• **Exercise aim**
Write out only the lines from the start of the entries up to and including the line with "При создании LUN"; please skip the pictures.

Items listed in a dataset
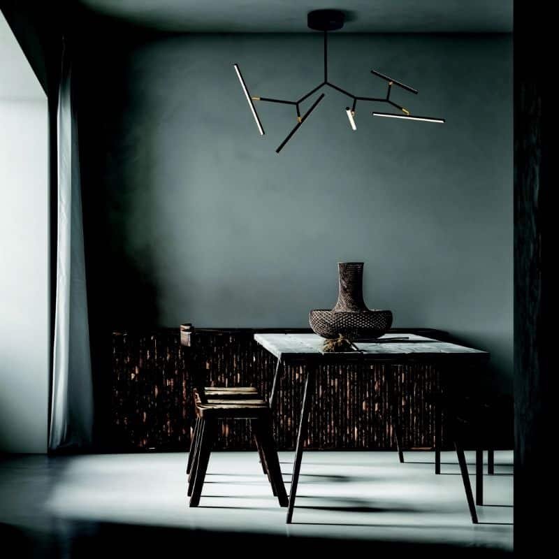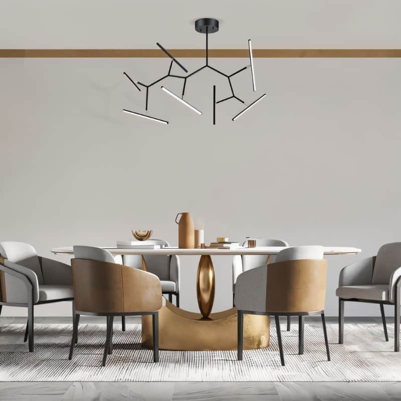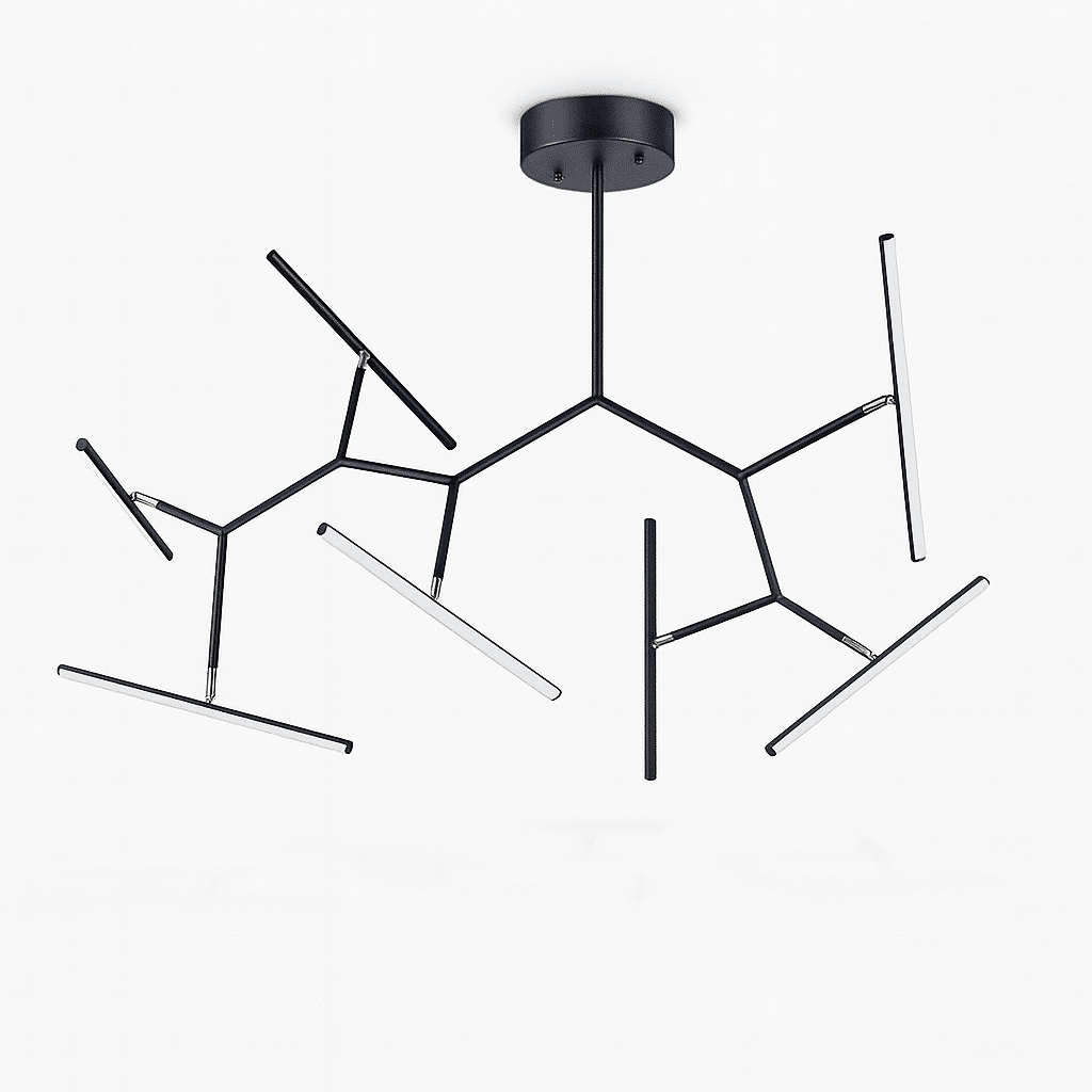 The Elyon Ceiling Light is a modern light fixture with a geometric, interconnected design crafted from durable aluminum and silicon. Its linear structure emits a soft, even glow, making it ideal for dining rooms, living spaces, or minimalist offices. Combining functionality with elegance, this fixture serves as both lighting and a statement piece. Its sleek black finish seamlessly complements contemporary interior styles.
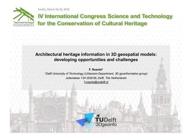 challenges Seville, March 27, 2019 F. Noardo [email protected] • LoDs specifications for heritage; • few data for permitting complex operations; • technical issues (software and data formats); • Hardware issues (high performances are required)… Heritage in 3D city models: challenges
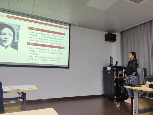 积极分子代表张若诗分享了无产阶级革命家向警予的英雄事迹。向警予是中国共产党唯一的女创始人,是妇女解放运动领导人之一。向警予为中国革命的胜利和妇女的解放付出了毕生的她的一生可以说是奋斗的一生、战斗的一生,她的奉献和牺牲精神永远值得新时代大学生学习。
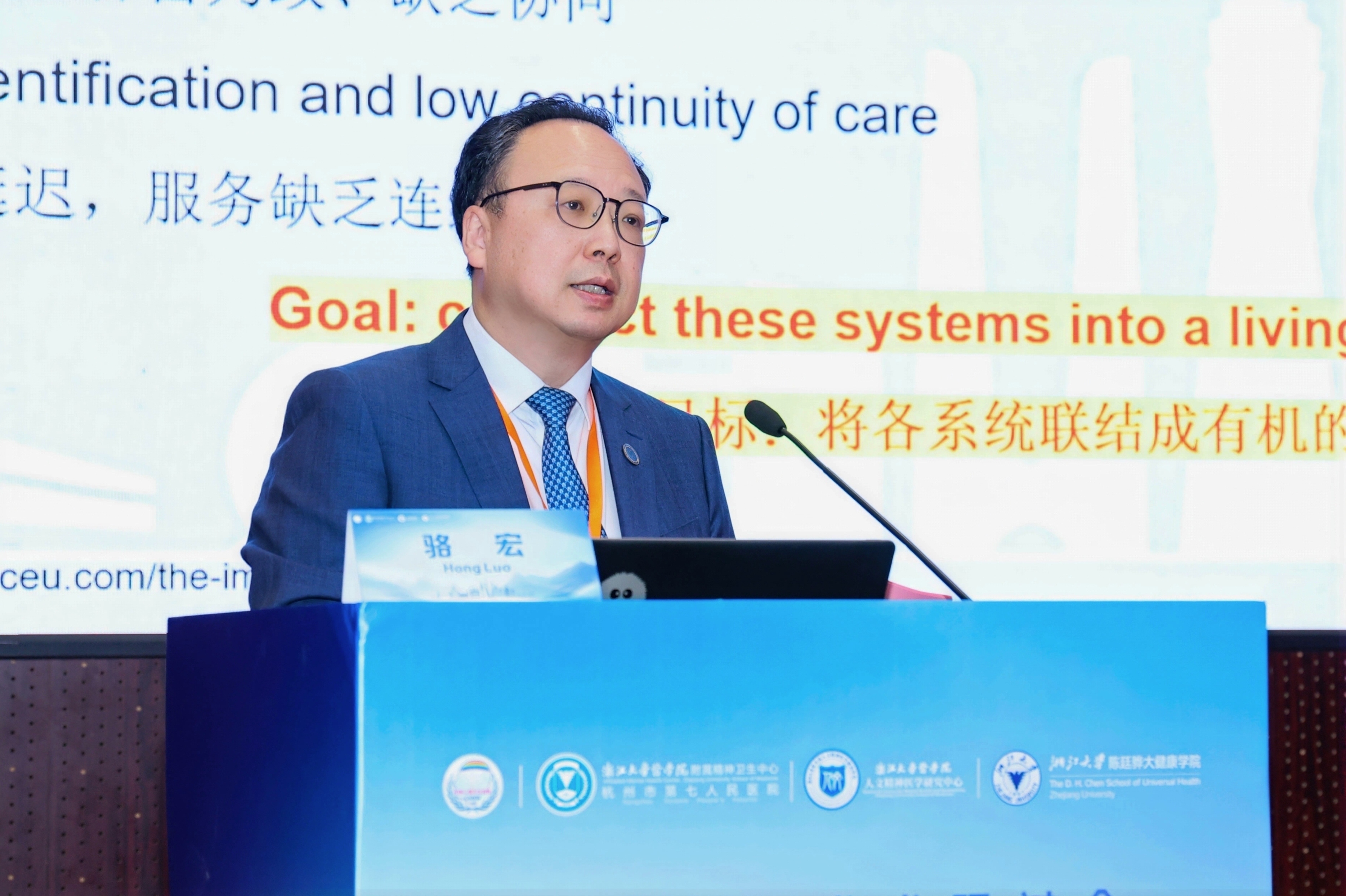 国家心理健康和精神卫生防治中心党委副书记、纪委书记姜雯,牛津大学副校长Richard Hobbs,杭州市卫生健康委员会党委委员、副主任、市疾控局局长王旭初,中国心理卫生协会副理事长赵旭东,浙江省儿童青少年心理健康与危机干预智能实验室首席专家李伟健等出席大会。
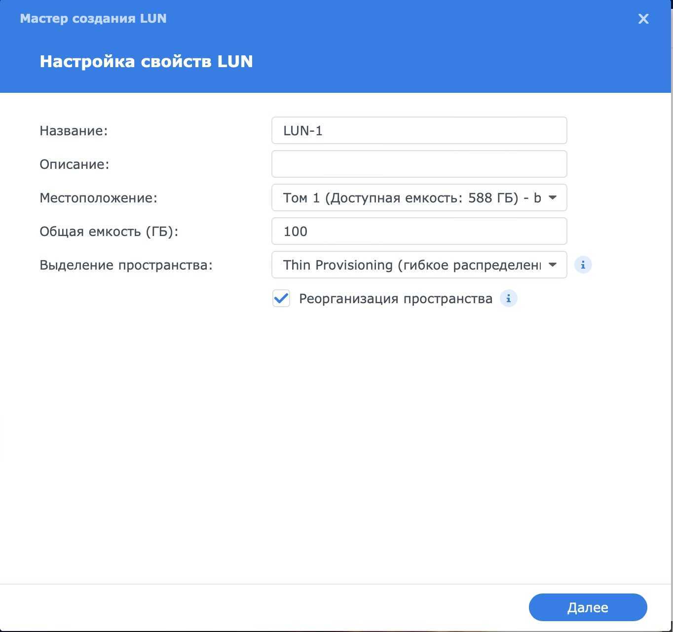 При создании LUN нам нужно выбрать название, добавить описание, место расположение и размер диска LUN. А вот выделение пространства интересная опция.
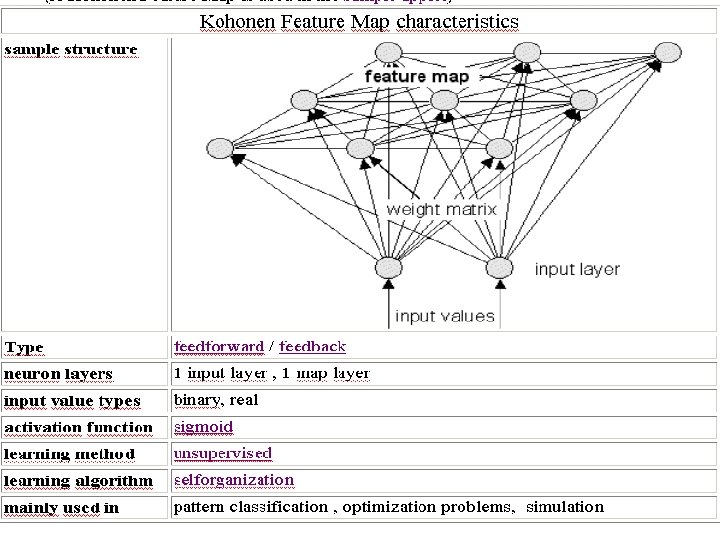 Types of Neural Nets Kohonen Feature Map • The Kohonen Feature Map was first introduced by finnish professor Teuvo Kohonen (University of Helsinki) in 1982. It is probably the most useful neural net type, if the learning process of the human brain shall be simulated. The "heart" of this type is the feature map, a neuron layer where neurons are organizing themselves according to certain input values. The type of this neural net is both feedforward (input layer to feature map) and feedback (feature map). (A Kohonen Feature Map is used in the sample applet)

• **Solution for this task**
 The Elyon Ceiling Light is a modern light fixture with a geometric, interconnected design crafted from durable aluminum and silicon. Its linear structure emits a soft, even glow, making it ideal for dining rooms, living spaces, or minimalist offices. Combining functionality with elegance, this fixture serves as both lighting and a statement piece. Its sleek black finish seamlessly complements contemporary interior styles.
 challenges Seville, March 27, 2019 F. Noardo [email protected] • LoDs specifications for heritage; • few data for permitting complex operations; • technical issues (software and data formats); • Hardware issues (high performances are required)… Heritage in 3D city models: challenges
 积极分子代表张若诗分享了无产阶级革命家向警予的英雄事迹。向警予是中国共产党唯一的女创始人,是妇女解放运动领导人之一。向警予为中国革命的胜利和妇女的解放付出了毕生的她的一生可以说是奋斗的一生、战斗的一生,她的奉献和牺牲精神永远值得新时代大学生学习。
 国家心理健康和精神卫生防治中心党委副书记、纪委书记姜雯,牛津大学副校长Richard Hobbs,杭州市卫生健康委员会党委委员、副主任、市疾控局局长王旭初,中国心理卫生协会副理事长赵旭东,浙江省儿童青少年心理健康与危机干预智能实验室首席专家李伟健等出席大会。
 При создании LUN нам нужно выбрать название, добавить описание, место расположение и размер диска LUN. А вот выделение пространства интересная опция.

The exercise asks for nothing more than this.